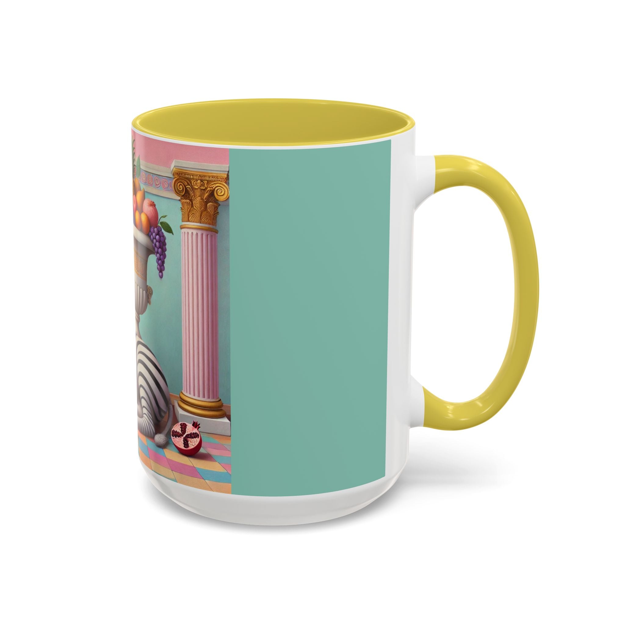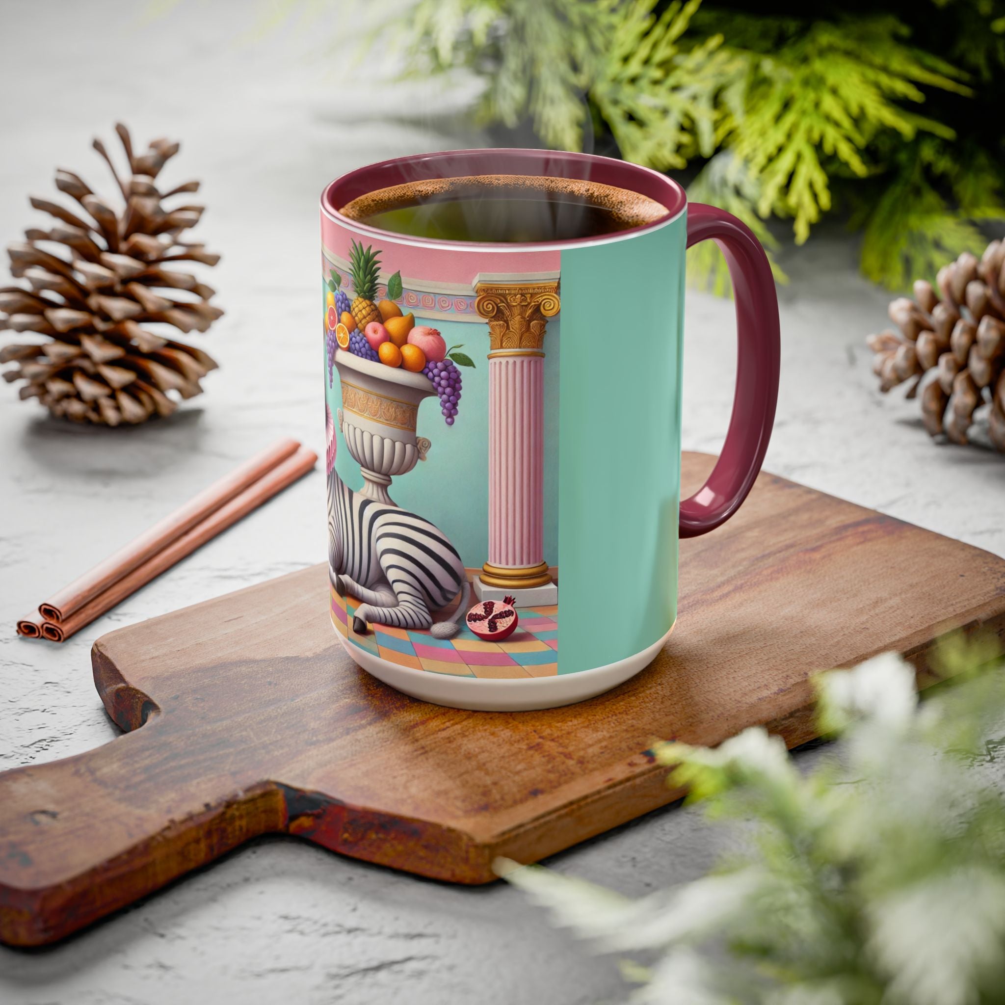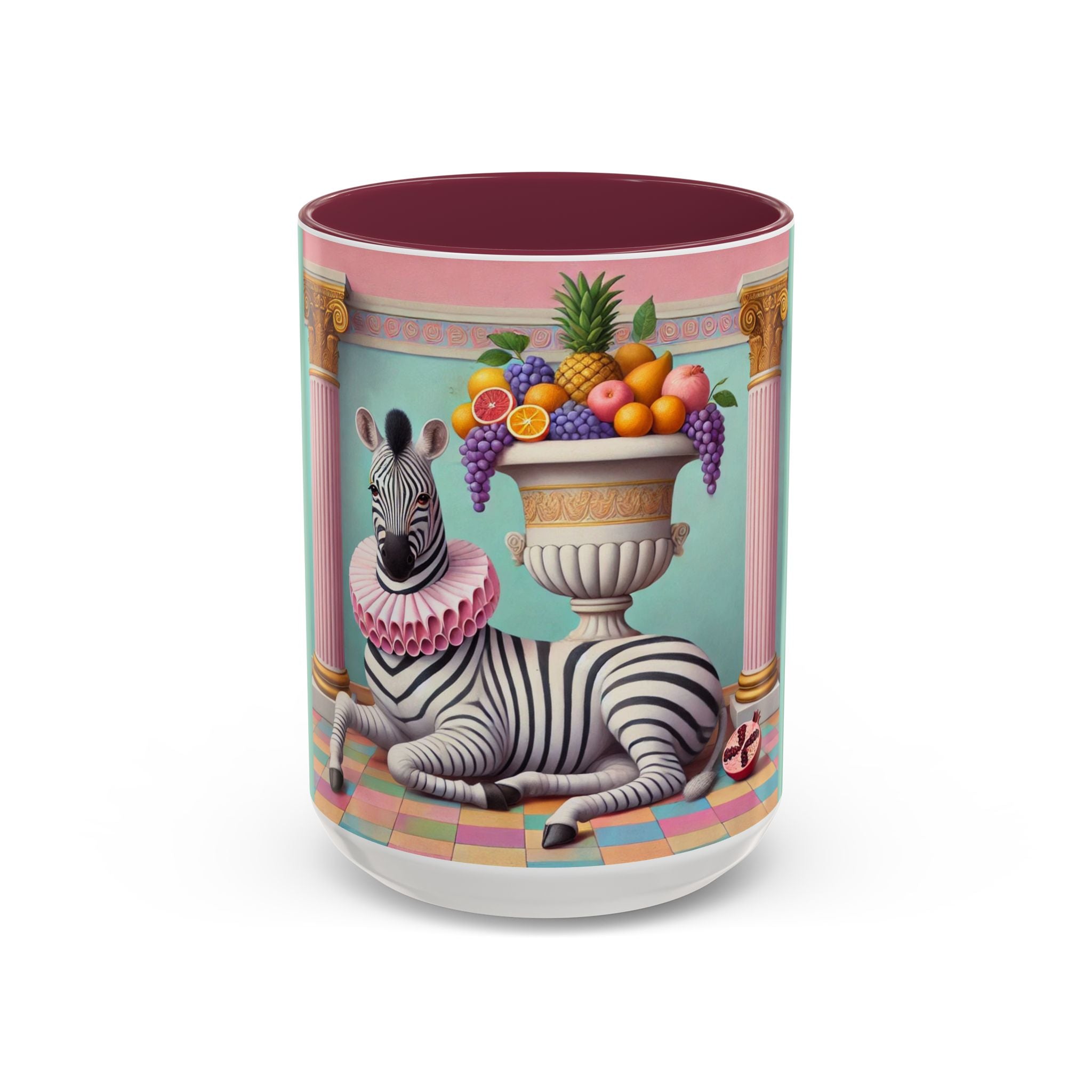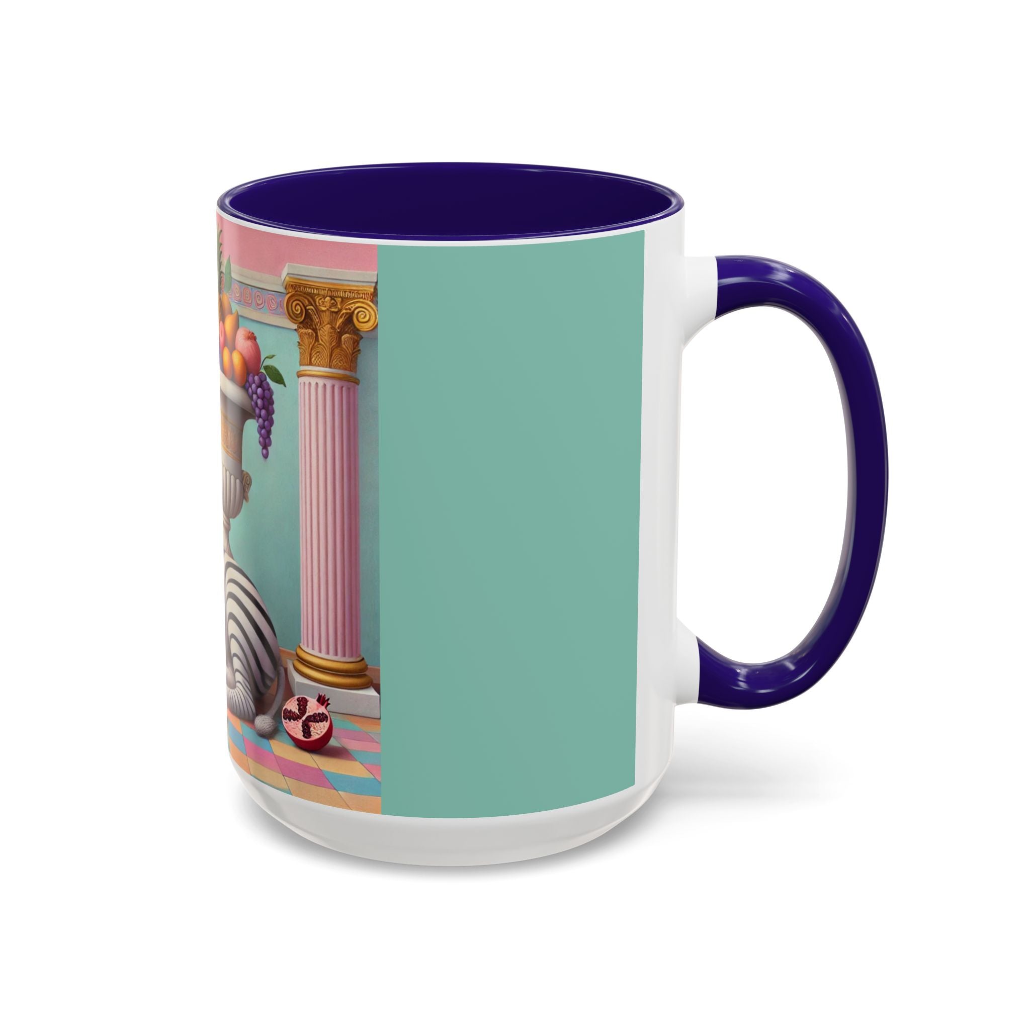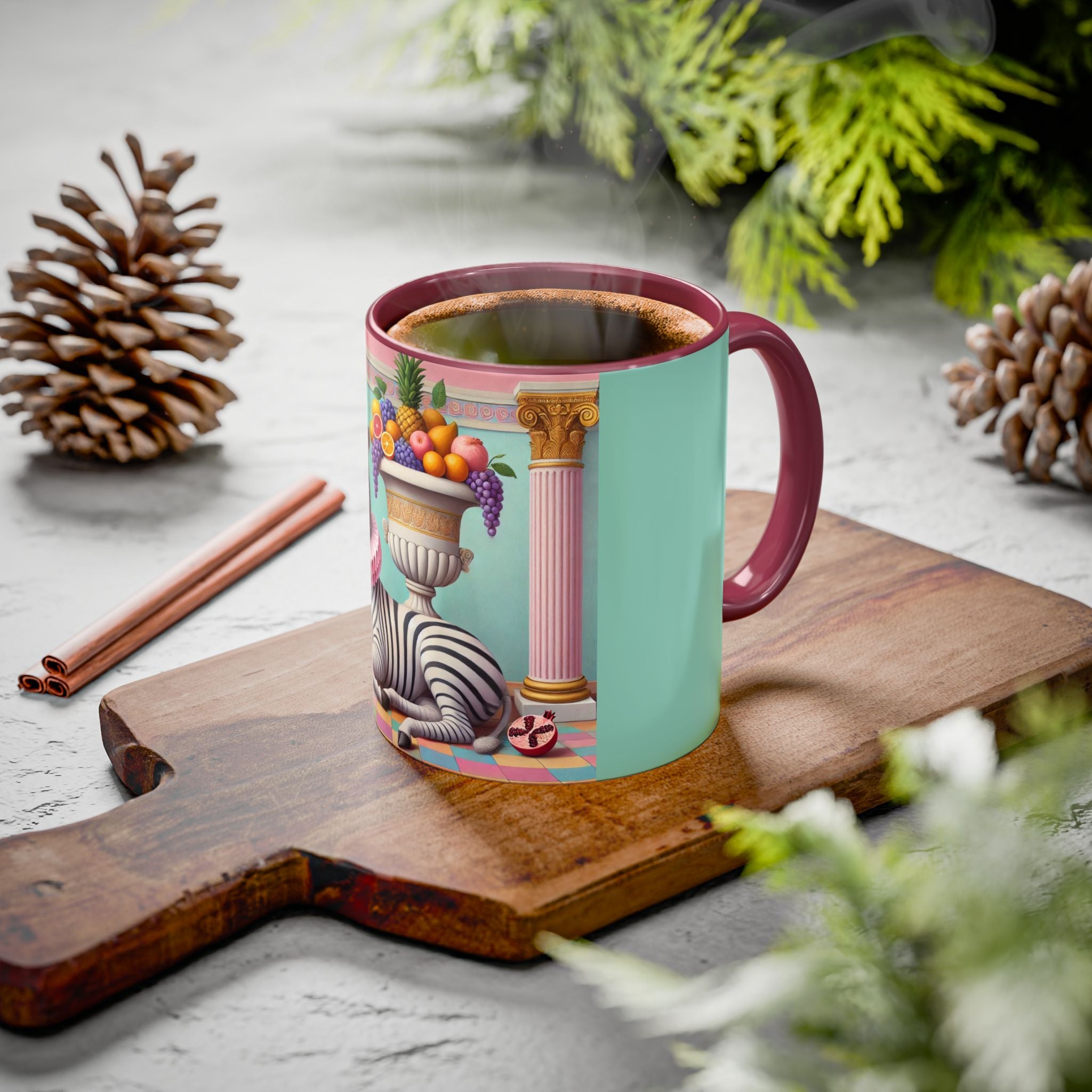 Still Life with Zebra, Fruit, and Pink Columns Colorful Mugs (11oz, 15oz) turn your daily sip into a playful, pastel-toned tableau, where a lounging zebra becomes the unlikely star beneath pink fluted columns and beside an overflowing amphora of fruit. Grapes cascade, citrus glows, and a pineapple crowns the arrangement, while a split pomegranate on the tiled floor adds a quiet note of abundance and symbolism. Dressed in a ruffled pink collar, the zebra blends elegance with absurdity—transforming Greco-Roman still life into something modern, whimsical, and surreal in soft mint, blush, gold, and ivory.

=-=-=

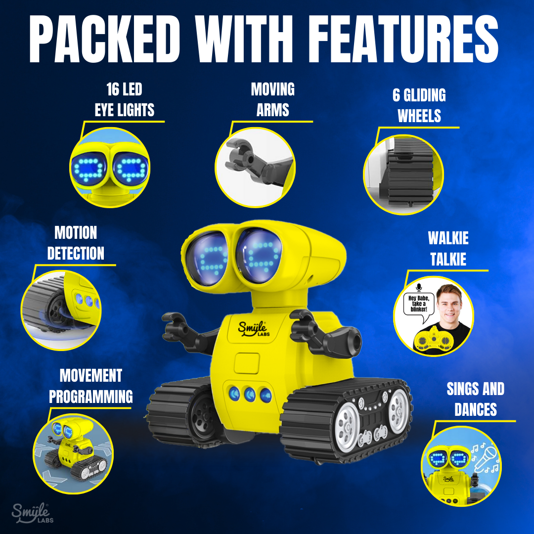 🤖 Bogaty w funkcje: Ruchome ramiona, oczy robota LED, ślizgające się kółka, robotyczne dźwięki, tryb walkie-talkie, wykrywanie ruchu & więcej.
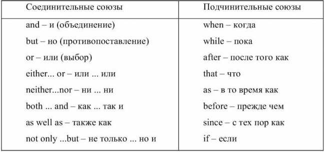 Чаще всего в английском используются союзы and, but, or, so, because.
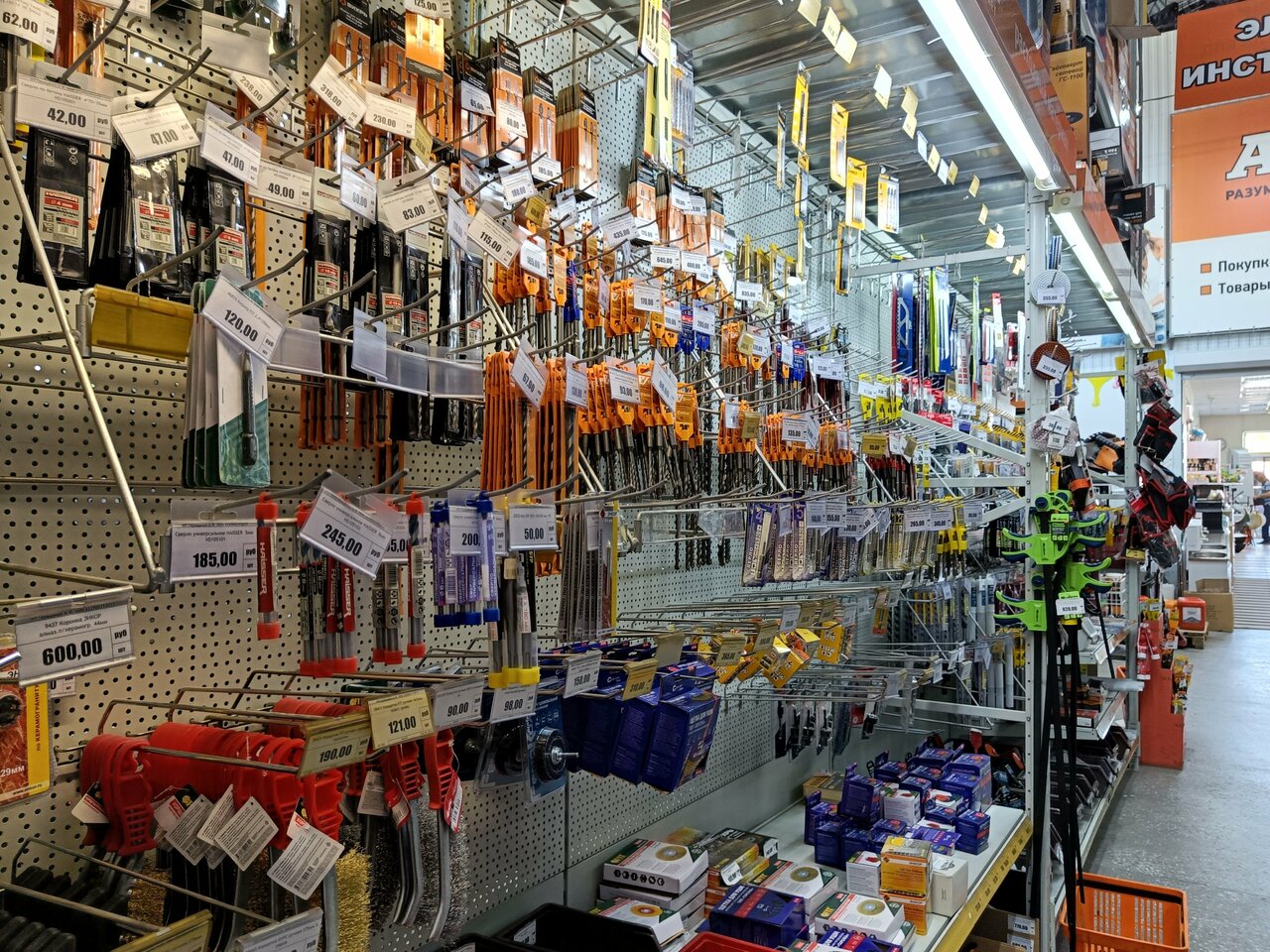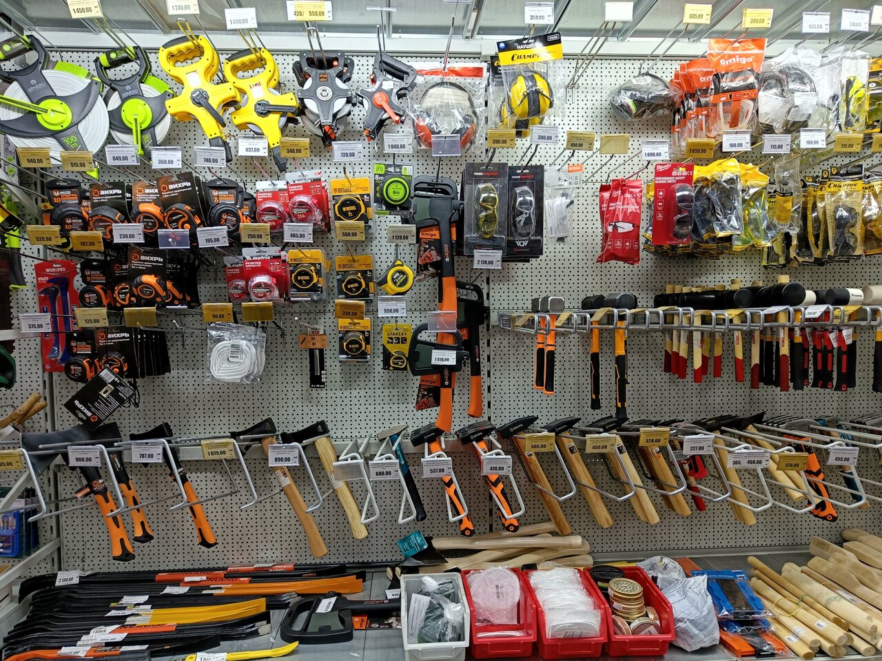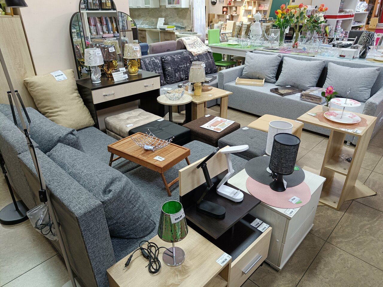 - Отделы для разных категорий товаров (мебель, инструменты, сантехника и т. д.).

=-=-=

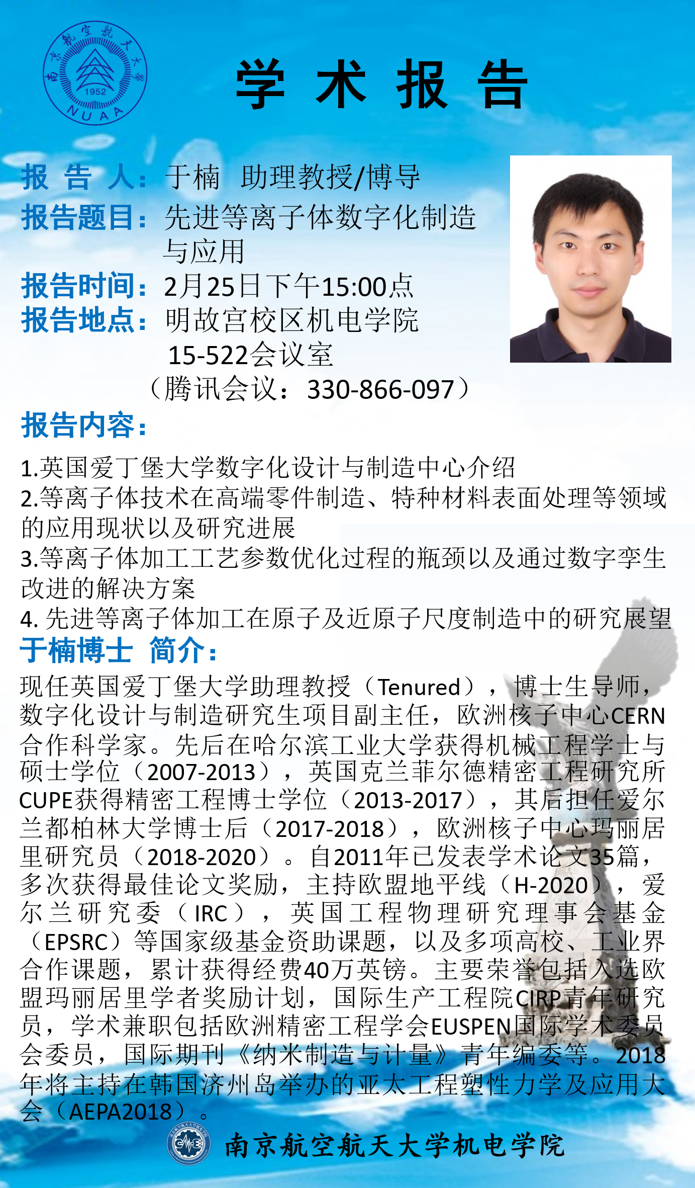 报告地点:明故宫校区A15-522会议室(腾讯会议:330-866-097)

=-=-=

* **Exercise instructions**: Every line from the one with "ruchu & więcej." through the one with "- Отделы для" is to be reproduced exactly as written above, and the pictures are to be dropped.

* **Solved exercise**:
 🤖 Bogaty w funkcje: Ruchome ramiona, oczy robota LED, ślizgające się kółka, robotyczne dźwięki, tryb walkie-talkie, wykrywanie ruchu & więcej.
 Чаще всего в английском используются союзы and, but, or, so, because.
 - Отделы для разных категорий товаров (мебель, инструменты, сантехника и т. д.).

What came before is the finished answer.